Distracted DrivingFriday, January 1, 2010
I think most people would agree that distracted driving is a worldwide problem, but might also think it is one which does not apply to them. It doesn’t matter if you are operating a service van, semi truck, car or a forklift; distractions can cause injury or death to the vehicle operator, to other drivers or to pedestrians, who are unlucky enough to be at the wrong place at the wrong time. I look back to 1985, the year I got my license to drive a car and the distractions I faced. Eating while driving, passengers or the radio would have been the biggest diversions, but certainly not the whole realm of distractions in today’s world. Drivers today deal with cell phones, text messaging, surfing the web on their phones, DVD players, navigation devices, MP3 players, complex sound systems and much more.
The problem in the material handling world is that people are bringing poor habits from their personal vehicles into the workplace and on to powered industrial trucks. Distractions on forklifts include, two way radios, RF scanning equipment, eating/drinking on forklifts, cell phones, music playing devices, pedestrian traffic and fatigued driving just to name a few. As far as radios, RF scanners, cell phone and music players go; smart companies will put in place a policy which says “these types of devices may not be used while in motion, no exceptions.” Make the first offense a formal write up and time off and the second termination and your rule will be very effective. Food and drink is another area of concern, companies which want to avoid the chance of accidents in this area will advise operators to keep food in the lunch room. Even if operators are not eating or drinking while in motion, the chance of a spill or drop while in motion and the subsequent distraction, is too great. Hot and cold liquids which are spilled on operators result in many auto accidents each year, as do the dropping and retrieval of unsecure items. It does not help that many manufacturers are now building cup holders into their dashboards; it only encourages operators to bring along things best left behind.
Another problem is drowsy driving; according the National Highway Transportation Safety Administration drowsy driving causes more than 100,000 auto crashes per year in the U.S. These crashes result in 40,000 injuries and 1,550 deaths. I know first hand that all types of vehicle operators, including forklift operators, suffer from fatigue.
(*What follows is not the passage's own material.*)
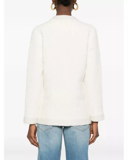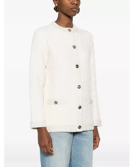 beige textured weave button fastening two patch pockets trimmed edges crew neck

I remember working sixteen hour shifts day after day and praying to be able to stay awake until the end of my shift. Night shift workers suffer the most from fatigue, as the distractions of trying to sleep during the day, when everyone else is awake, are many. Most people can handle getting too little sleep one night fairly well, but the effects of sleep deprivation night after night are cumulative and can be harmful physically and emotionally. Many people also work rotating shifts, where the body never gets a chance to adjust to one set schedule, causing problems with sleep patterns. The answer to this problem is likely twofold, consisting of education for your operators and also keeping a close watch out for potentially exhausted workers. If operators can take steps to get more sleep, understand the effects on fatigue on their bodies and learn to know their limits, it will create a safer working environment for them and others. Supervisors must also be watching for the early signs of drowsy driving and assigning those people to non driving positions for the rest of the shift, somewhere where the consequences of sleepiness would not be dangerous.